HIV-1 infection is a global public health problem with more than 34 million people living with HIV infection.
Although great strides have been made in treating this epidemic with therapeutic agents, the increase in patient life span
has been coincident with an increase in the prevalence of HIV-associated neurocognitive disorders (HAND). HAND is
thought to result from the neurotoxic effects of viral proteins that are shed from HIV-infected microglial cells. One of the
primary neurotoxins responsible for this effect is the HIV-1 glycoprotein gp120. Exposure of neurons to gp120 has been
demonstrated to cause apoptosis in neurons, as well as numerous indirect effects such as an increase in inflammatory
cytokines, an increase in oxidative stress, and an increase in permeability of the blood-brain barrier.

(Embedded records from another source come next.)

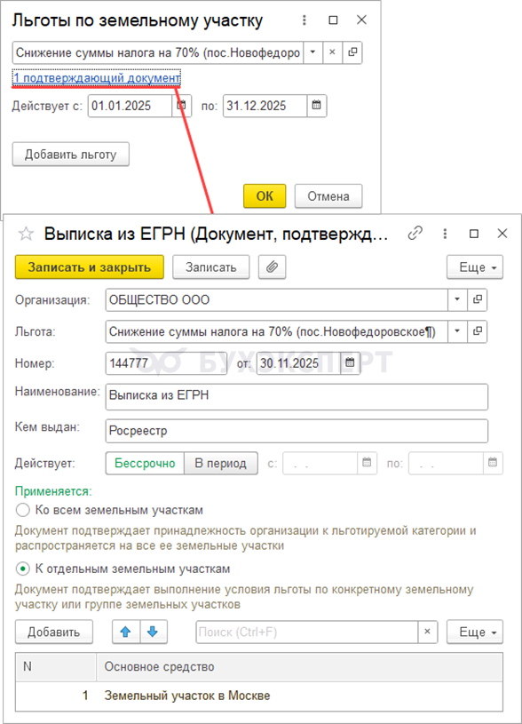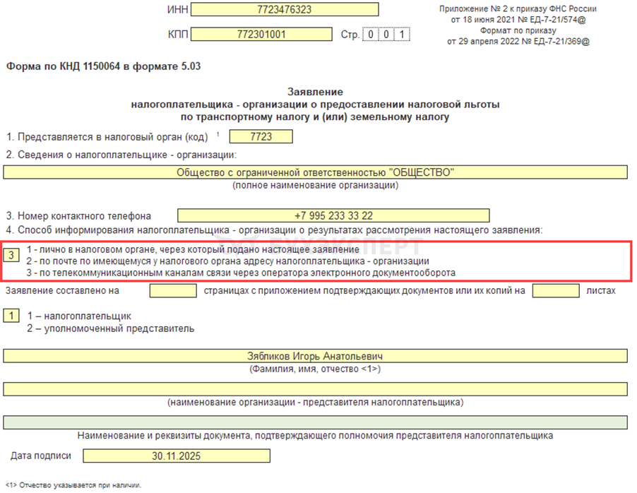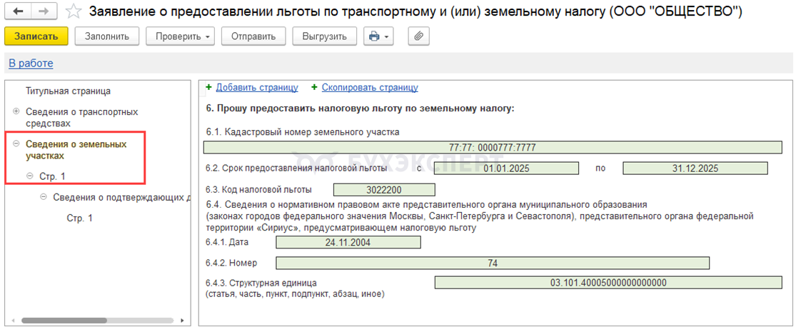 Заявления на льготы по транспорту и земле 2026 в 1С — образец
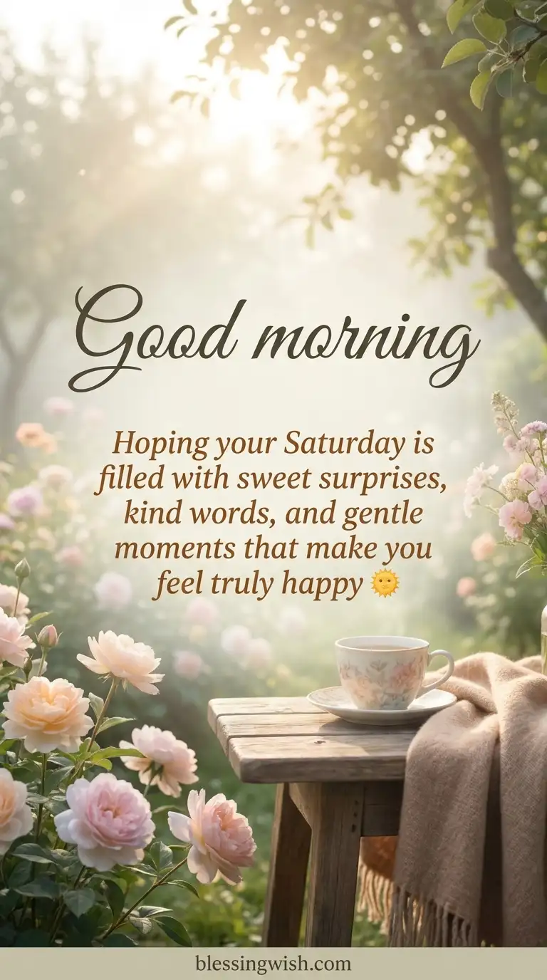 - Hoping your Saturday is filled with sweet surprises, kind words, and gentle moments that make you feel truly happy 🌞
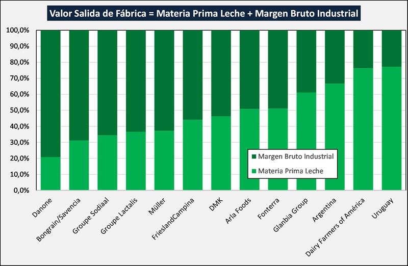 Para completar el análisis hemos adicionalmente corregido los precios a los estándares de calidad de la leche de Argentina. En el gráfico siguiente se distribuye el Valor de Salida de Fábrica, entre Materia Prima Leche y un Margen Bruto Industrial, que sería la parte destinada a los costos de elaboración, comercialización y rentabilidad, mostrando una cierta similitud entre los valores de materia prima leche (a pesar de la corrección Argentina sigue siendo el más bajo) y una gran diferencia en el margen bruto entre industrias/países.
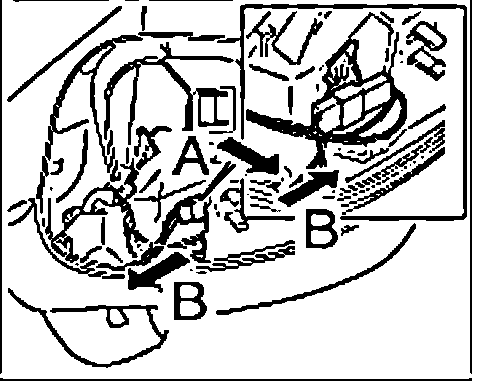 9. Link up connector to the mirror adjusting motor "arrow A" until the connector lock "B" engages firmly.
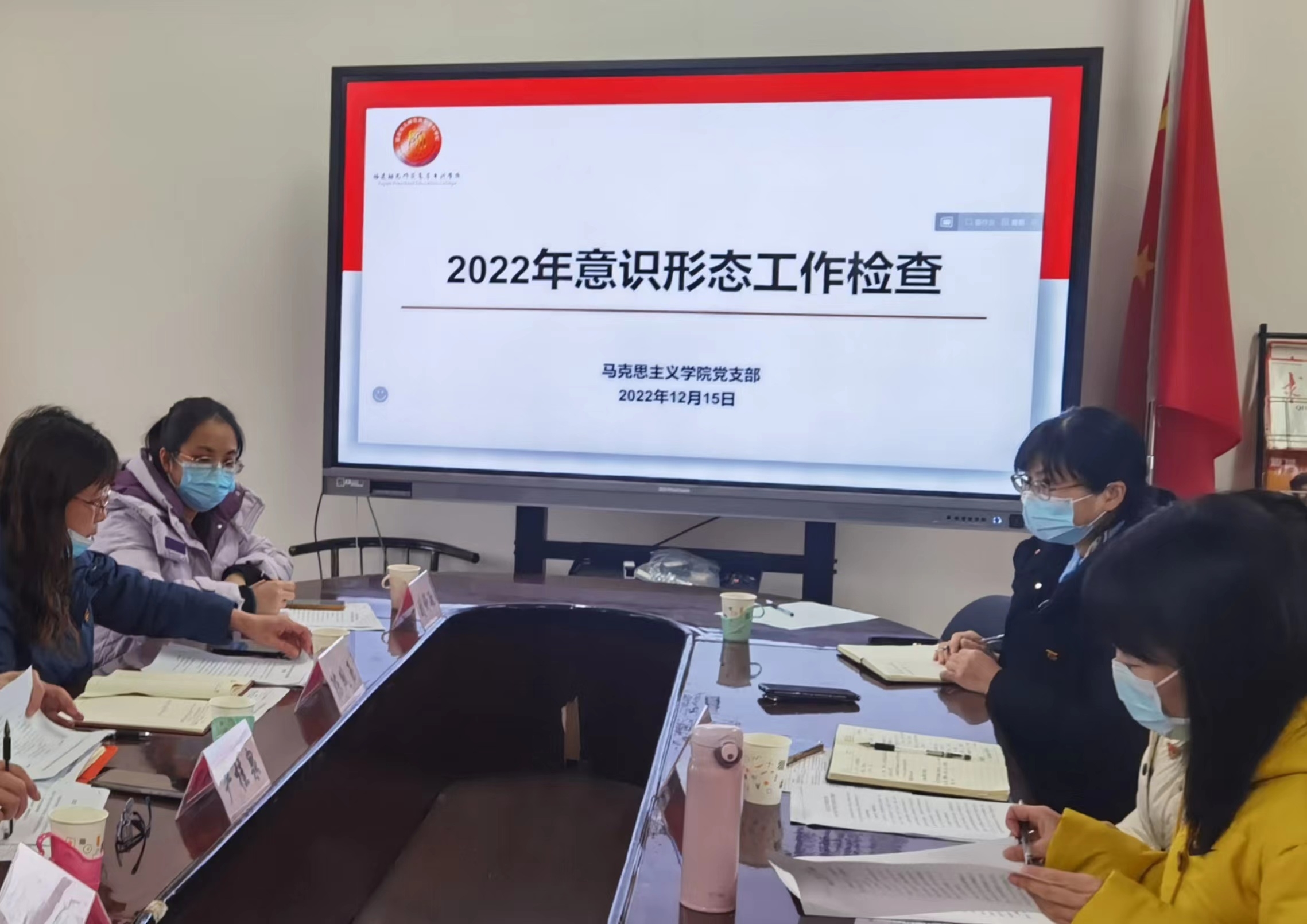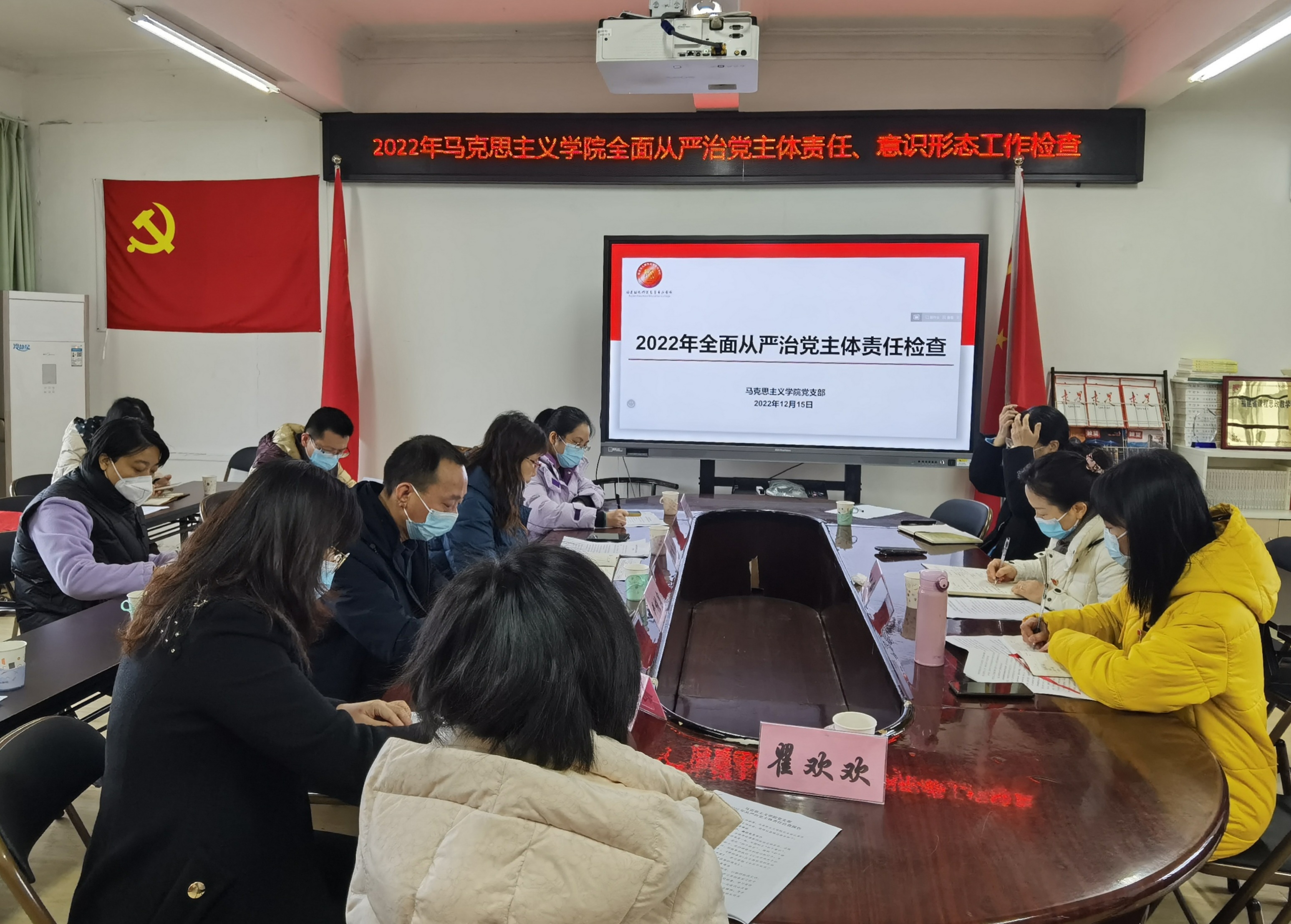 12月15日上午,校党委委员、副校长陈凤玉带领学校党政办、组统部、宣传部、纪委办四部门人员莅临马克思主义学院开展2022年度全面从严治党主体责任落实情况专项检查和意识形态工作专题督查工作。
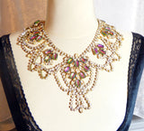 Czech Glass Huge Statement Watermelon Heliotrope Rhinestone Necklace
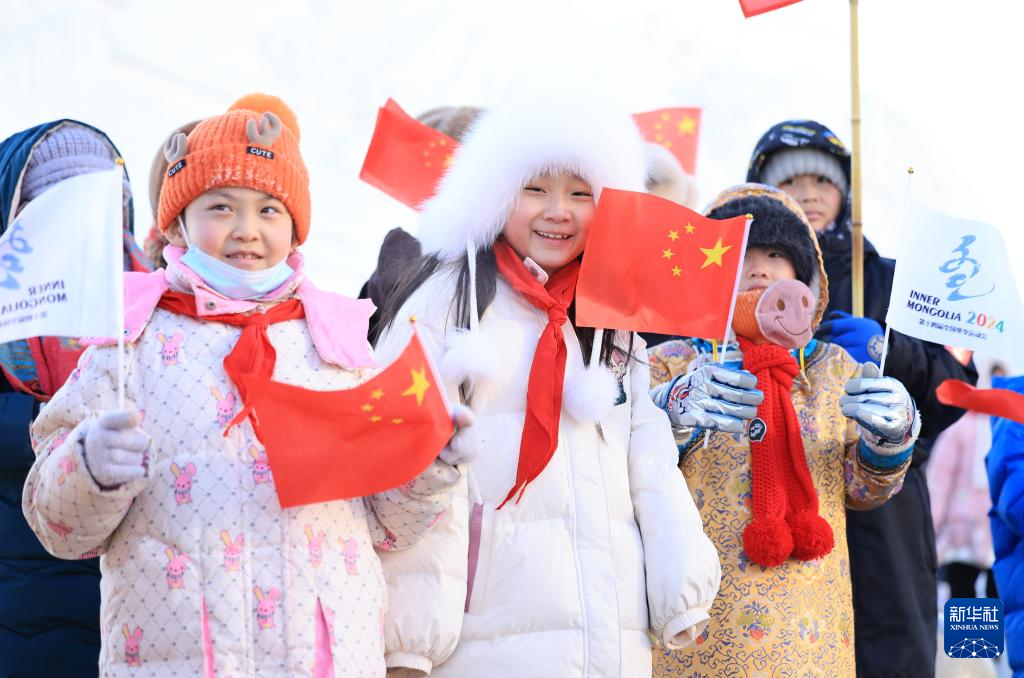 2月3日,孩子们观看火炬传递。新华社发(康文魁摄)
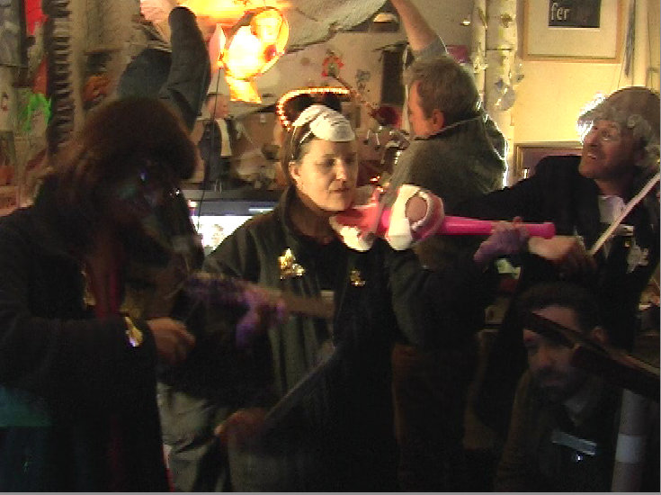 (Rechter Steward am Gitter: Jörg Buchmann, Passagiere auf der Treppe: Kurt Grunow, Stephan Köperl mit Guibal-Weibertreupaar, U!!i Berg, Marc Olbrich, Sylvia Winkler mit Daniela-Wolff-Psychiatriegartentasse und Seherin von Prevorst)

In many patients, the
use of drugs of abuse (DOA) exacerbates the neurotoxic effects of gp120. Cocaine, methamphetamine and morphine are
three DOAs that are commonly used by those infected with HIV-1. All three of these DOAs have been demonstrated to
increase oxidative stress in the CNS as well as to increase permeability of the blood-brain barrier. Numerous model
systems have demonstrated that these DOAs have the capability of exacerbating the neurotoxic effects of gp120. This
review will summarize the neurotoxic effects of gp120, the deleterious effects of cocaine, methamphetamine and
morphine on the CNS, and the combined effects of gp120 in the context of these drugs.
Keywords: CNS, cocaine, gp120, HIV, methamphetamine, morphine, central nervous system, HAND, drug of abuse, ARV.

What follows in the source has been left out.